Venn diagrams of intersecting DEGs across representative drug categories. (a) Antibacterial Agents; (b) Antineoplastic Agents; (c) Anti-Inflammatory Agents; (d) Non-Steroidal Enzyme Inhibitors.
2.3.2. Machine Learning-Derived Core Drug Resistance Genes
Three classical feature selection methods—Random Forest, Genetic Algorithm, and Recursive Feature Elimination (RFE)—were applied to prioritize intersected DEGs and identify core resistance-related genes. The results from all three approaches were integrated using a weighted average, yielding a robust ranking of gene importance.
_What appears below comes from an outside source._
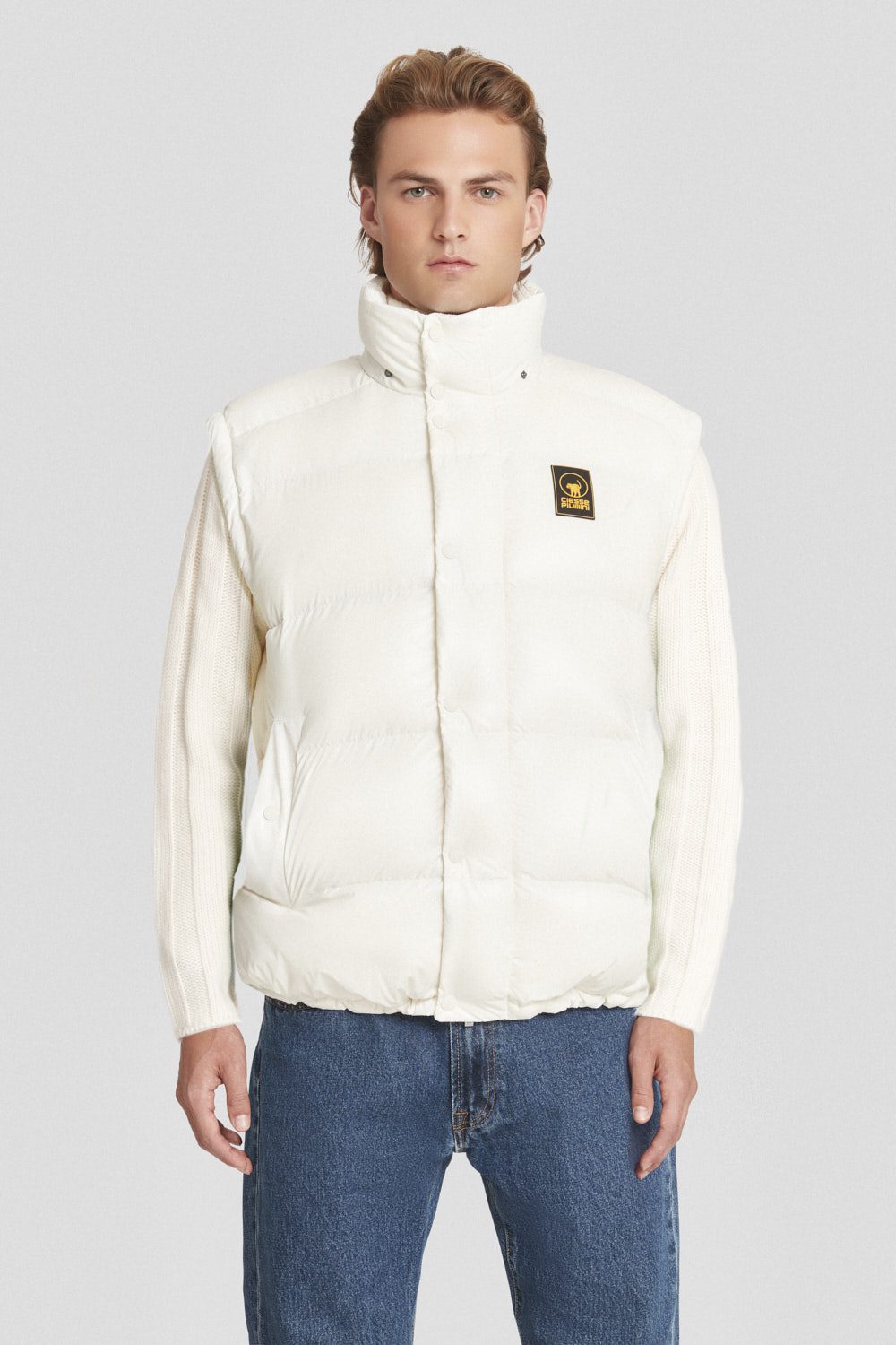 La sua struttura modulare rende il capo altamente funzionale: maniche e cappuccio sono staccabili, trasformando il piumino in un pratico gilet, perfetto per adattarsi a ogni occasione e condizione climatica.

Figure 5 presents MILTEFOSINE as a representative drug to demonstrate the gene-ranking results. In response to MILTEFOSINE treatment, FGFBP2 and PLA2G2A consistently ranked among the top candidates across all feature selection methods and GAPDHS rankings, suggesting their involvement in the molecular mechanisms underlying drug resistance.
Figure 5.
Representative subset of genes visualized according to their importance scores derived from integrated feature selection.
2.4. Performance of Resistance Classification Models
Through machine learning-driven feature selection, irrelevant and redundant genes were eliminated, reducing data dimensionality. The selected core genes were incorporated into a random forest classifier to construct the resistance prediction model.
The model achieved excellent classification performance (Figure 6a–c), with the confusion matrix (Figure 6a) confirming high classification accuracy. The ROC curve (Figure 6b) yielded an AUC of 0.97 ± 0.01, and the PR curve (Figure 6c) achieved an AUC of 0.999 ± 0.001. To provide a broader view of resistance prediction across drugs from different pharmacological categories, the corresponding results for Oxaliplatin (Antineoplastic Agents), Nafcillin (Antibacterial Agents), Methotrexate (Enzyme Inhibitors), and Phenylbutazone (Non-Steroidal Anti-Inflammatory Agents) are presented in Supplementary Figure S3.
Figure 6.
Model performance evaluation. (a) Confusion matrix of classification results; (b) Receiver Operating Characteristic (ROC) curve; (c) Precision–Recall (PR) curve.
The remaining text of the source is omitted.